In rebuttal closing argument, the prosecutor further stated:
Your Honor, obviously, the defendant and I disagree about what the law is. Assault First is not the same as murder and the elements are not the same and the mens rea that’s required is not the same. And the definition of knowingly, as I understand the law[,] is that a person acts knowingly when he’s aware of his conduct. He’s practically certain to cause the result. And when you take a loaded gun and by his own testimony when he arrived at home that night there were six bullets in the gun, and he says he dropped it and three fell out, that means that there were three more in the gun.
And he cannot use his voluntary intoxication to say I didn’t know it was loaded. I thought all the bullets were out. Three in the back seat. Three are still in the gun, and he knew that when he went inside. And when he said, “Let’s play Russian Roulette.” And he pointed at her and he pulled the trigger, pulled the hammer back and pulled the trigger[,] those are knowing actions.

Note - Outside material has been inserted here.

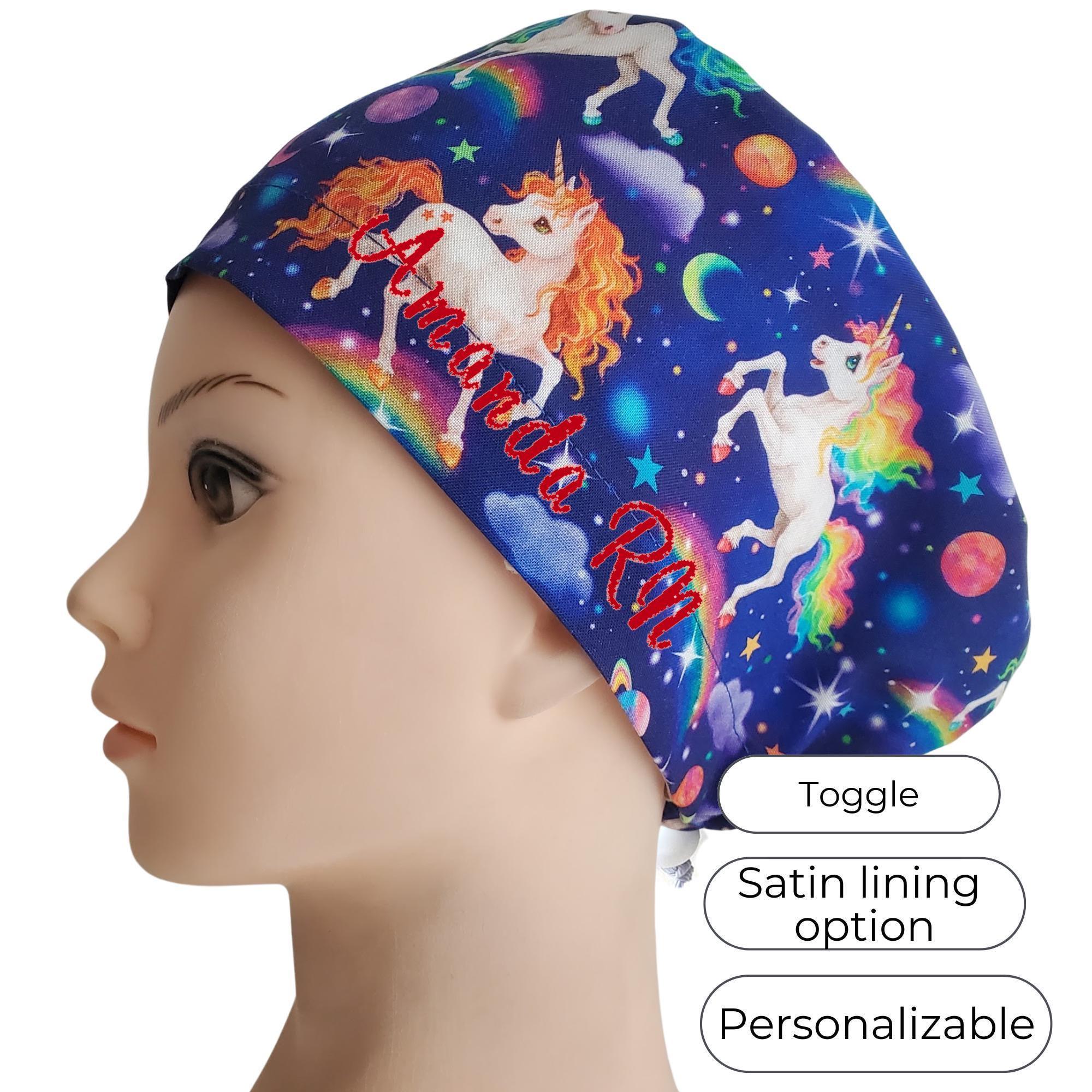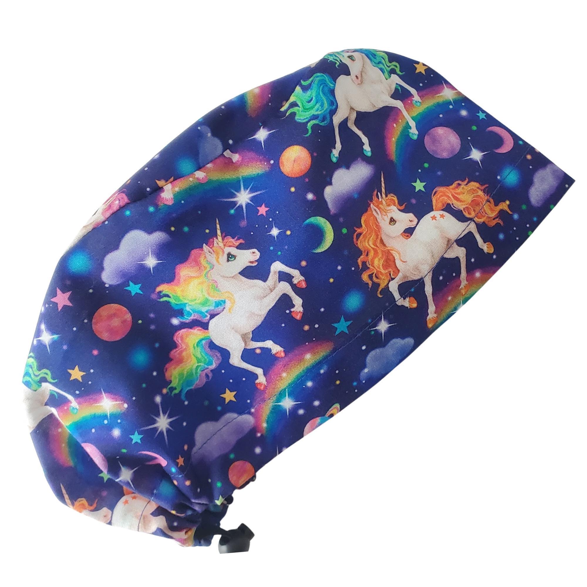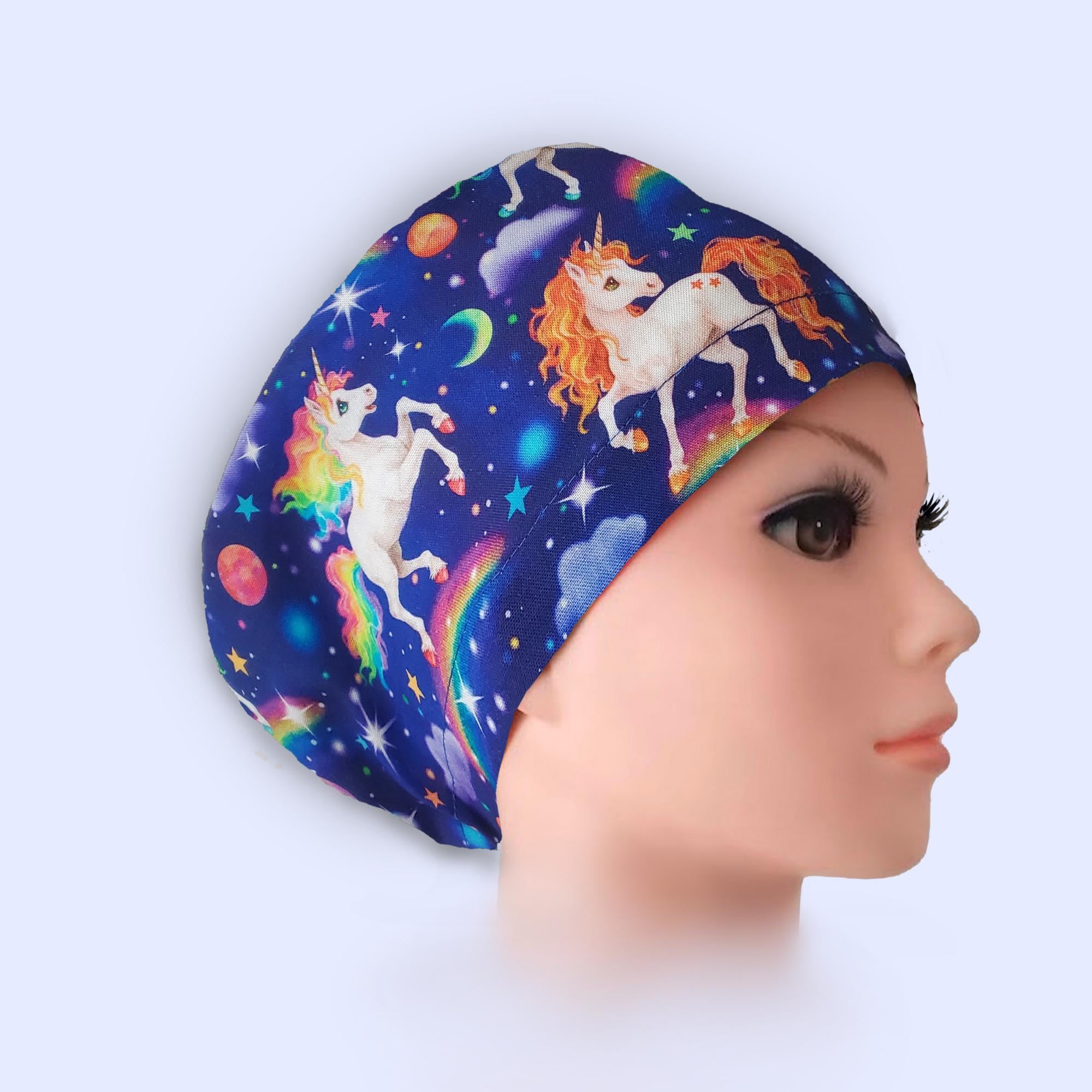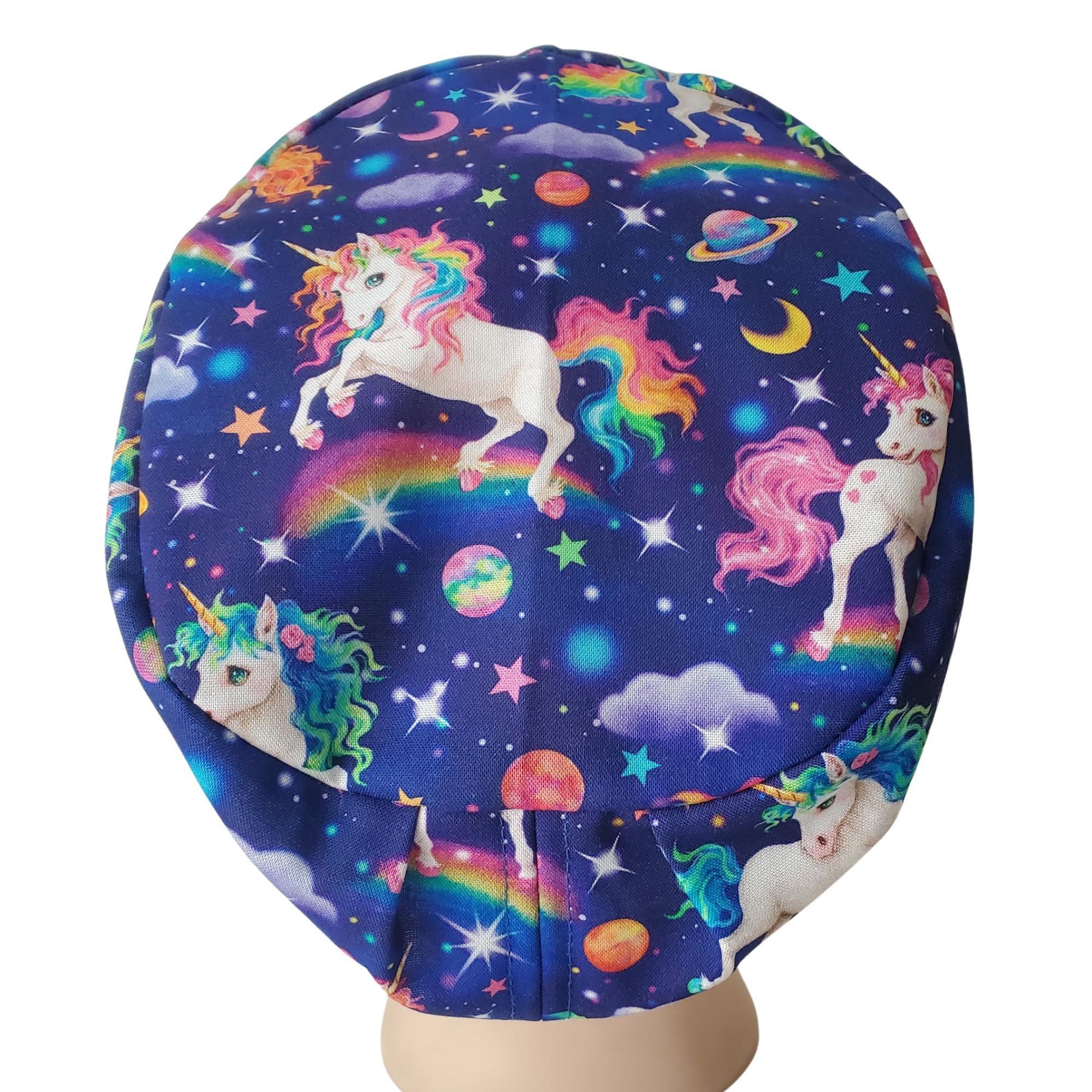 Euro Scrub Cap in Unicorn Galaxy Print β handmade surgical scrub hat designed for women. This euro style sits flat against the head, making it perfect for short to medium hair. With magical unicorns, rainbows, and galaxy stars on a deep navy background, this cap brings fantasy style to your workday while keeping you comfortable through long shifts.

And he is aware that that conduct that he is pulling the trigger with three bullets in the gun is practically certain that the gun is going to fire. And the only reason it doesn’t fire the first time, is because he had one of the empty cylinders. And the only reason it doesn’t fire the second time is because he has another empty cylinder. And he fires a third time, and he finally hits a bullet. And if it had been empty a third time, he would have cocked it and fired it a fourth time. He was going to fire the gun until it shot.
And those, Your Honor, are knowing actions. That’s what the defendant did. The fact that he was shocked when he saw how bad it was does not negate the knowing act of pointing the gun, pulling that hammer back and pulling that trigger.

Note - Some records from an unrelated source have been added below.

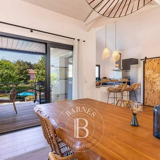 Idéalement située, la villa BLUE offre un cadre parfait pour des vacances sans voiture. À pied ou à vélo, explorez les plages, les boutiques et la forêt landaise. Avec ses grandes terrasses aménagées et sa piscine chauffée, équipée d’un jacuzzi intégré et d’une nage à contre-courant, elle est idéale pour profiter du plein air et partager des moments chaleureux en famille ou entre amis. La villa propose une spacieuse pièce de vie baignée de lumière, ouverte sur l’extérieur. Sa cuisine moderne et entièrement équipée est parfaite pour préparer ...
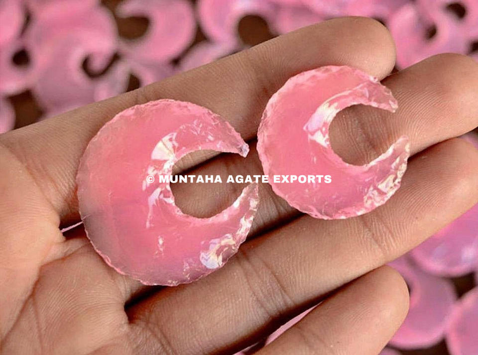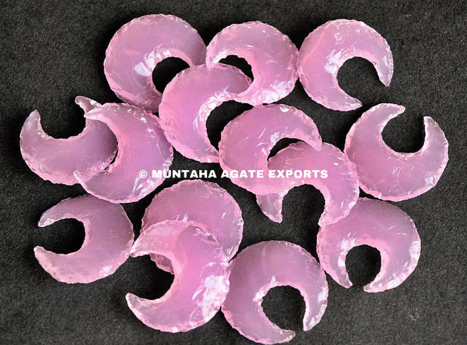 Best Selling Hand-Made Flinted Rose Quartz Moon Gemstone Muntaha Agate's Wholesale Feng Shui Muntaha Agate Rose Quartz Moon
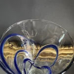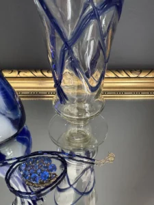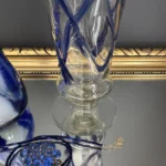 Dwa ręcznie formowane wazony ze szkła artystycznego z lat 70. zachwycają kontrastem głębokiego kobaltu i przezroczystości. Wysokie, smukłe formy z zatopionym wzorem sprawiają, że światło przepływa przez nie jak przez warstwy lodu i atramentu. Szklane linie tworzą hipnotyczne kompozycje, idealne do wnętrz z duszą.
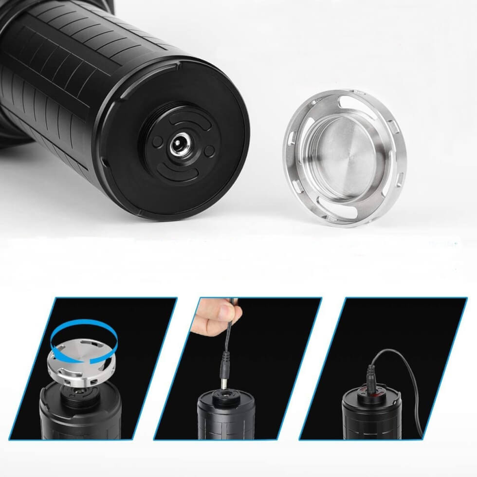 Dubbed as the “brightest flashlight in the world,” it packs 18 pieces of Cree XHP70 2nd high lumens with a max output of 100,000 lumens in turbo mode. In perspective, the light is 50x brighter than car lights and runs at such brightness for an hour and 52 minutes before it drops to 25,000 lumens or High III mode.
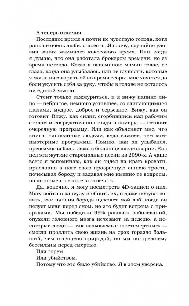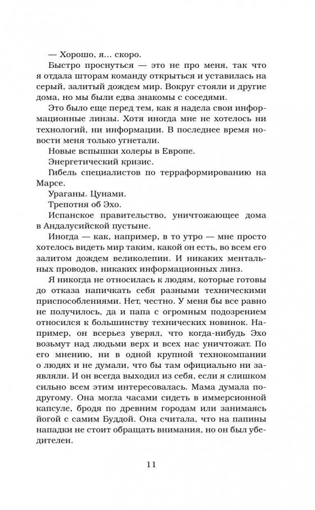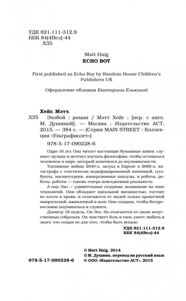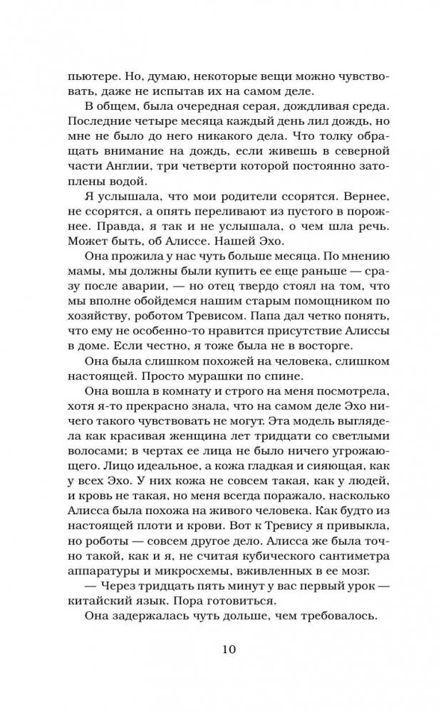 Одри 16 лет. Она читает настоящие бумажные книги, слушает музыку и мечтает оставаться человеком в мире, который изменился до неузнаваемости. Топливные войны 2040-х, засуха в Европе в 2060-х, катастрофа с генетически модифицированной пшеницей, гугл-бунты, магнитотреки, иммерсионные капсулы, и роботы, роботы, роботы — такова теперь повседневная реальность. А еще Эхо — удивительные создания, возникшие на пике технологий. Они обладают идеальной внешностью, состоят из плоти и крови, и отличаются от людей только крошечной микросхемой, вживленной в мозг. Они созданы, чтобы беспрекословно подчиняться и служить. Дэниелу 16 недель. Он Эхо. Но отличается от своих искусственных собратьев. Он чувствует боль и гнев, умеет любить и знает, что создан не для того, чтобы быть вещью.
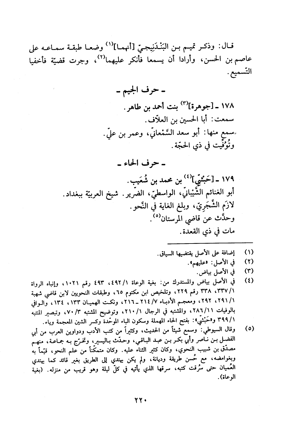 [4] في الأصل بياض والمستدرك من: بغية الوعاة 1/ 492، 493 رقم 1021، وإنباه الرواة 1/ 337، 338 رقم 229، وتلخيص ابن مكتوم 65، وطبقات النحويين لابن قاضي شهبة 1/ 291، 292، ومعجم الأدباء 7/ 214- 216، ونكت الهميان 133، 134، والوافي بالوفيات 11/ 286، والمشتبه في الرجال 1/ 210، وتوضيح المشتبه 3/ 70، وتبصير المنتبه 1/ 399 و «حبشيّ» : بفتح الحاء المهملة وسكون الباء الموحّدة وكسر الشين المعجمة وياء.

That’s what he did. And that’s what he’s guilty of, and that’s why he’s guilty of Assault in the First Degree not reckless. This was not reckless. He wasn’t playing with a gun and it accidentally went off. He deliberately pointed at her. He deliberately cocked it and he deliberately fired it three times.
. The trial court was not required to believe any part of Defendant’s testimony. State v. Chavez, 165 S.W.3d 545, 549 (Mo.App.2005). That part of Defendant’s testimony that is not favorable to the trial court’s judgment is provided to give context to Defendant’s claim on appeal.
. "Multiple claims of error in one point relied on render[] the point multifarious and as such is a violation of Rule 84.04, made applicable to briefs in criminal appeals by Rule 30.06(c).” State v. Agee, 350 S.W.3d 83, 96-97 (Mo.App.2011) (quoting State v. Garrison, 276 S.W.3d 372, 379 n. 4 (Mo.App.2009)). "Generally, multifarious points preserve nothing for appellate review and are ordinarily subject to dismissal.” Id. Where, however, non-compliance with briefing requirements does not impede appellate review, as here, we may exercise our discretion to proceed in addressing the point on it merits. State v. Yarbrough, 332 S.W.3d 882, 886 (Mo.App. 2011).
. All rule references are to Missouri Court Rules (2012).